A similar application of the opponent-adjusted formula to H2H data does not make as much sense, as the H2H data should already have adjusted for the players’ return ability against the field, as well as how they match up against their opponent. Following from this, we expect the H2H results to be highest in quality (though this may not be the case in practice), followed by the other methods and lastly by the basic estimation. Therefore, our second ensemble method is to prioritize H2H results when a matchup has H2H data, another method’s results if they do not, and use basic estimation for the rest when no other methods apply. We refer to this as the overlay method, since it essentially layers results on top of each other. Furthermore, note that the bottom layer is either from basic estimation or the opponent-adjusted formula, since both have the same coverage (and same imputation method of using field averages). The overlays directly use the model’s binary predictions, but these predictions are taken from the win probabilities the model actually yields. To make use of these probabilities, our next ensemble model makes predictions based on the mean win probabilities of its components. We refer to this third ensemble method as merging.
Taking note that, especially in the context of sports betting, not making a prediction is a valid choice, we also propose two ensemble methods with incomplete coverage of the test matches, much like the CO and H2H methods. The first is a consensus model, which only makes a prediction if all its components are in agreement. The second is a relaxation of the first, needing only a majority to make a prediction.
Finally, on the side of match duration prediction, we also attempt preliminary ensembling. The overlay, consensus, and prediction methods are no longer applicable as they work with binary results, but an ensemble model taking the mean time of its components is examined. For both this model and the aforementioned merging model, there is room for improvement in examining weight distribution beyond a uniform one, but we deem this too large in scope for this particular study.
Results and Discussion
Outcome Prediction
Table 1 presents the experimental results for the individual methods, while Table 2 presents selected results for each ensemble method. In addition to the CO and H2H abbreviations which both tables continue to use, “Basic” refers to the basic results of the point-based hierarchical model, “OAF” refers to the opponent-adjusted formula of Barnett and Clarke (2005), and “PSU” and “PSD” refer to the point-specific method results with one state activated and all-but-one state activated, respectively. (“U” is for “up”, the direction we define where the greedy algorithm starts with no states activated and activates states one-by-one. The reasoning is the plateau shapes which can be seen in Figure 2. “D”, similarly, stands for “down”, using the algorithm that deactivates instead.) “CO(OAF)” refers to the method of applying the opponent-adjusted formula to common opponent data. Furthermore, we use the following notation to differentiate the remaining ensembles.
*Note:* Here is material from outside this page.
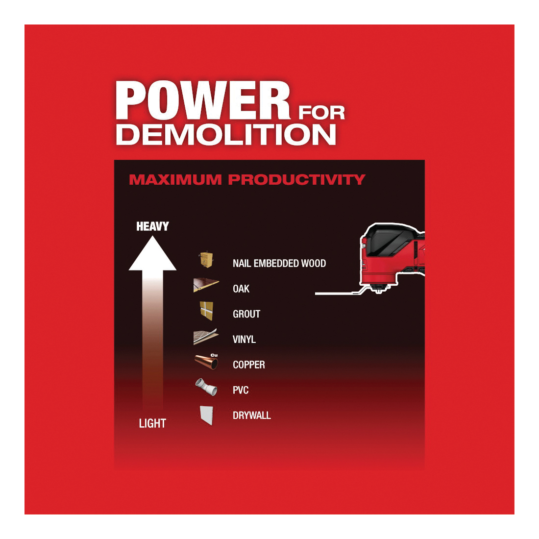 The MILWAUKEE® M18 FUEL™ Oscillating Multi-Tool generates the fastest cuts, the power for demolition, and the lowest full tool vibration. The POWERSTATE™ Brushless Motor delivers 10,000 to 20,000 OPM with an aggressive 4.2-degree oscillation angle to deliver the fastest cuts over the competition. The cordless multi-tool also delivers the power to complete many demanding applications with ease, such as large cuts through hardwoods and nail embedded wood, pushing the limits of what a multipurpose oscillating tool can do. Vibration dampening technology delivers the lowest full tool vibration, making cuts more comfortably with less fatigue. REDLINK PLUS™ Intelligence achieves unmatched levels of performance, protection, and compatibility. The M18™ REDLITHIUM™ XC5.0 battery (not included) delivers more work per charge than competitive batteries on the market when used with the multitool. The M18 FUEL™ Oscillating Multi-Tool has a 10-Setting Dial with an additional Auto-Load Feature, allowing users to adjust the speed to the application. An integrated 180-degree LED light provides maximum visibility in low-light situations.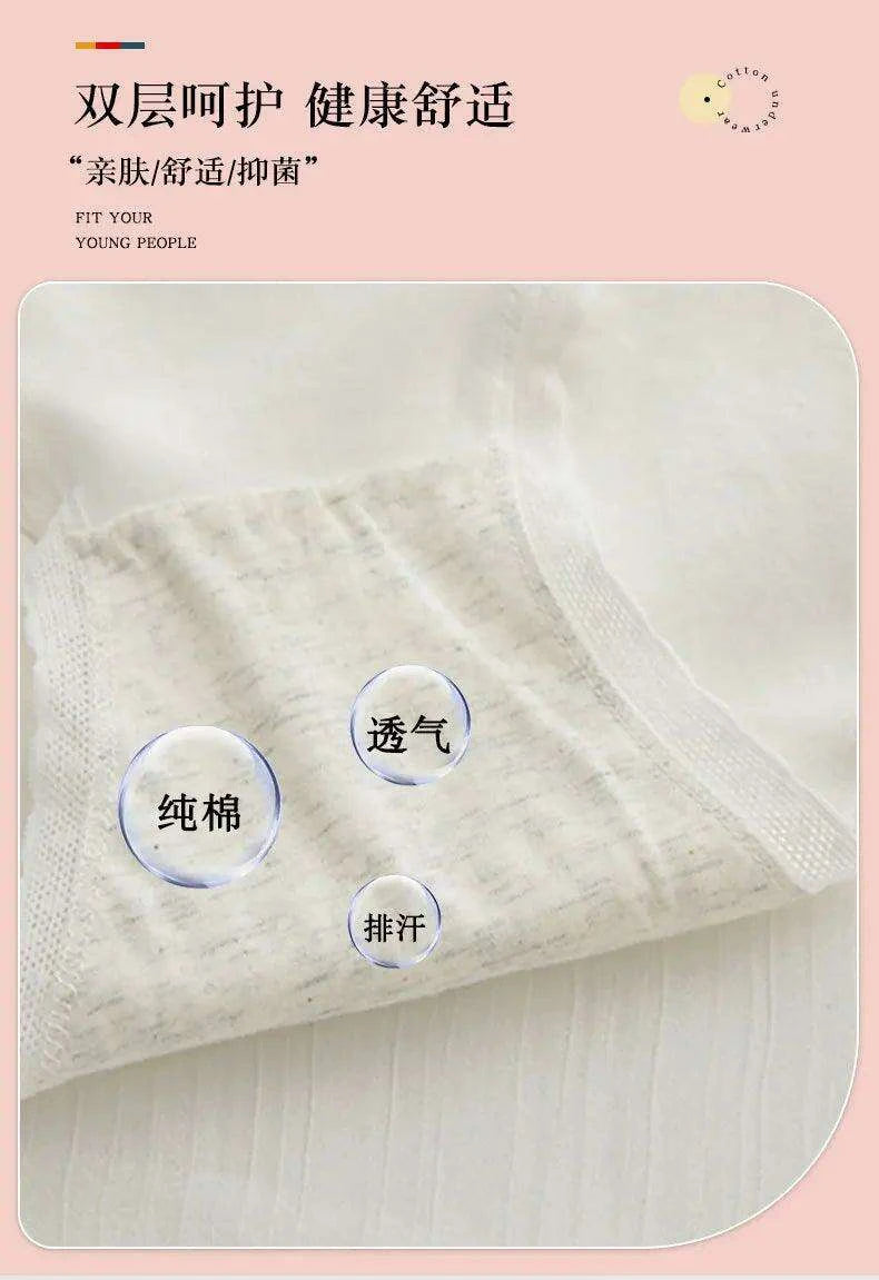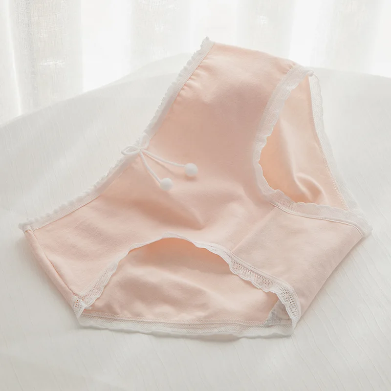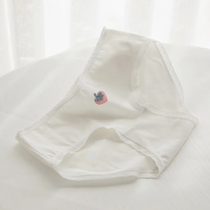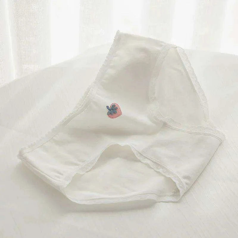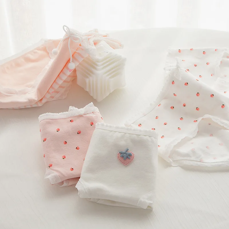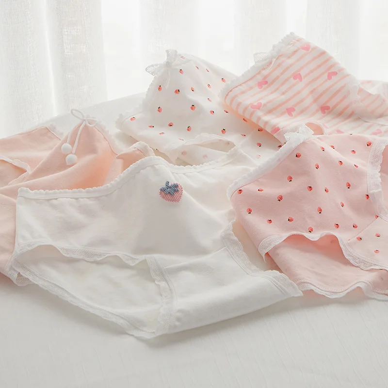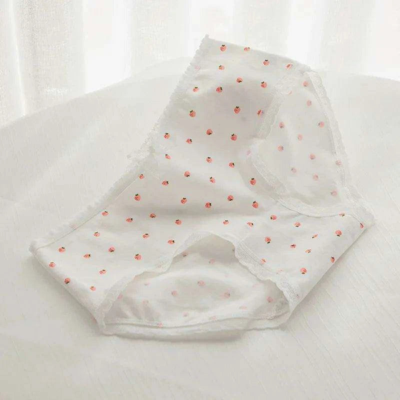Charming Pink Strawberry Bow-Embellished Cotton Underwear for Women and Students

The ensemble’s components are included in its name, with order only making a difference in the overlays – methods that come before being overlaid on ones that come after. Ensembles with “/” connecting its components are overlays, “+” is used for merges, “&” for majorities, and “&&” for consensus.

Accuracy score plots corresponding to activations and deactivations of states in the point-to-game DTMC. The first states identified for activation/deactivation are annotated in the plot, along with an indicator for the significance of the jump the activation/deactivation yields (‘***’ - p<0.01, ‘**’ - 0.01<p<0.05, ‘*’ - 0.05<p<0.1, ‘-’ - p>0.95).
Outcome prediction accuracy for individual methods.
Significance tested against Basic results: ‘***’ - p<0.01, ‘**’ - 0.01<p<0.05, ‘*’ - 0.05<p<0.1, ‘-’ - p>0.95.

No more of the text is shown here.